Farkında mısınız? Yılın yarısı bitti bile. Ocak ayının o şatafatlı, büyük umutlarla dolu başlangıcı çoktan geride kaldı. Şimdi Temmuz’dayız. Daha sakin ve belki biraz da yorgun bir dönemeçteyiz. Ve çoğumuzun zihni, yavaşlamış bir internet tarayıcısı gibi: onlarca sekme açık, hangisinin müziği nereden geliyor belli değil ve bilgisayar donup kalmış.

O hissi biliyorsunuz, değil mi? Sabah gözünüzü açıyorsunuz ve zihninizdeki “yapılacaklar” korosu başlıyor. O kitabı artık okumalısın diyor bir ses. Hayır önce finansal okuryazarlık podcastini dinle diyor diğeri. Tam o anda, egzersiz yapmazsan bu iş olmaz diye bir bildirim düşüyor aklınıza. Mutfakta durup kendinize bir kahve mi yapsanız yoksa sağlıklı yaşam adına bir bardak su mu içseniz diye düşünürken beş dakika geçiyor.
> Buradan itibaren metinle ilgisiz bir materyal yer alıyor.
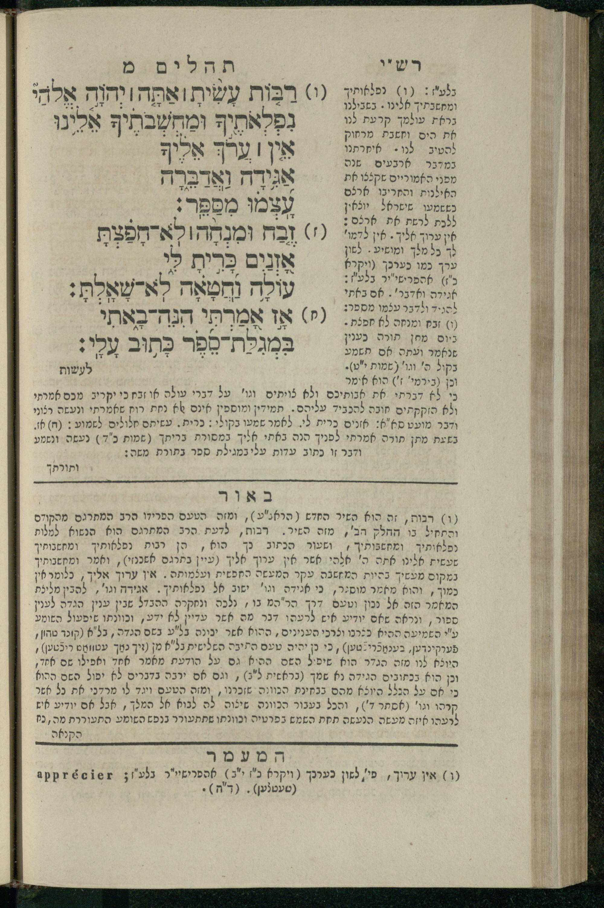 14 (1835) Sefer Tehilim : ʿim Perush Rashi ṿe-targum Ashkenazi me-et Rabenu Mosheh ben Menaḥem n.ʿE., u-veʾur me-et ha-ḥakham ha-mefursam R. Yoʾel Bril asher ḳara be-shem Zemirot Yiśraʾel, ṿe-nilṿeh elaṿ ha-Maʿamar me-et ha-ḥakham ha-medaḳdeḳ mo.h. Ṿolf Meʾir (moreh lashon ʿIvri be-vet ḥinukh ha-normali asher be-Prag), u-ve-tokho nikhlal haʿtaḳah u-veʾur le-khol milot be-laʿaz ha-nimtsaʾot be-Fe. Rashi z.l. / me-et ha-madpis Mosheh ha-Leṿi Landa14 (1835) ספר תהלים / עם פירוש רש״י ותרגום אשכנזי מאת רבינו משה בן מנחם נ״ע, ובאור מאת החכם המפורסם ר' יואל ברי״ל אשר קרא בשם זמירות ישראל, ונלוה אליו המעמר מאת החכם המדקדק מו״ה וואלף מאיר (מורה לשון עברי בבית חנוך הנארמאלי אשר בפראג), ובתוכו נכלל העתקה ובאור לכל מלות בלע״ז הנמצאות בפירש״י ז״ל מאת המדפיס משה הלוי לנדא

Yapılacak, yapılabilecek, yapılması gereken o kadar çok şey var ki... Sonunda ne mi oluyor? Hiçbir şey… Telefonu elimize alıp amaçsızca sosyal medyada geziniyoruz. Çünkü yüzlerce anlamlı seçenek arasında boğulurken, zihnimiz en anlamsız ama en kolay olanına kaçıyor.

En kötüsü ne, biliyor musunuz? Eskiden keyif aldığımız şeyler bile birer göreve dönüştü. Kitap okumak, ruhu dinlendiren bir eylemken, “yılda 50 kitap” hedefini tutturma yarışına; müzik dinlemek, yeni şeyler keşfetme projesine; bahçedeki iki çiçeği sulamak bile bir “mindfulness” projesine evrildi. Her anımızı “verimli” kılma baskısı, hayatın kendisini yaşamamıza engel oluyor.
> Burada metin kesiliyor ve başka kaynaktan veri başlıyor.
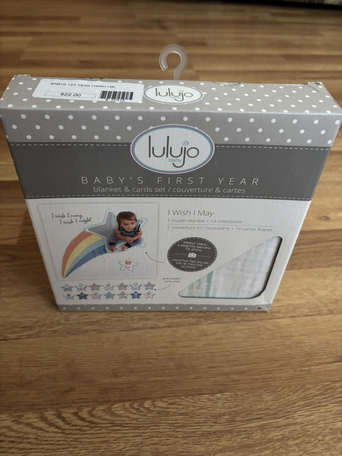 Baby’s first year blanket and card set. 1 muslin blanket 14 milestones Located in daytona beach $10 Shipping available with additional cost of packaging & delivery.

İşte bu yüzden, 1 Temmuz bizim için yeni/eskiye dönüş olabilir. Ama bu sefer listemize yeni ve parlak hedefler eklemek için değil. Tam tersine, eksiltmek için.

Gelin, yılın ikinci yarısı için kendimize tek bir söz verelim: Her ay, sadece tek bir sekmeyi açık bırakacağız.

Onlarca kitaba başlamak yerine, sadece bir tane seçip onun keyfini çıkaralım. On farklı alanda kendimizi geliştirmeye çalışmak yerine, sadece bir tanesine merakla ve beklentisizce yönelelim. Kendimize her şeyi yapabilme potansiyelinin ağırlığını değil, tek bir şeyi iyi yapmanın hafifliğini hediye edelim.

Defterin yarısı boş ve bunu bir eksikliğe değil, bir fırsata dönüştürelim. Önümüzdeki altı ayı, “yapılması gerekenlerin” stresiyle değil, yapmayı seçtiklerimizin huzuruyla doldurma fırsatı.

Hadi, şimdi derin bir nefes alalım ve zihnimizdeki o en yorucu sekmelerden birini kapatalım. Bakın dünya nasıl da hafifledi. Gerçek kendimizle yeniden tanışmanın keyfini çıkaralım.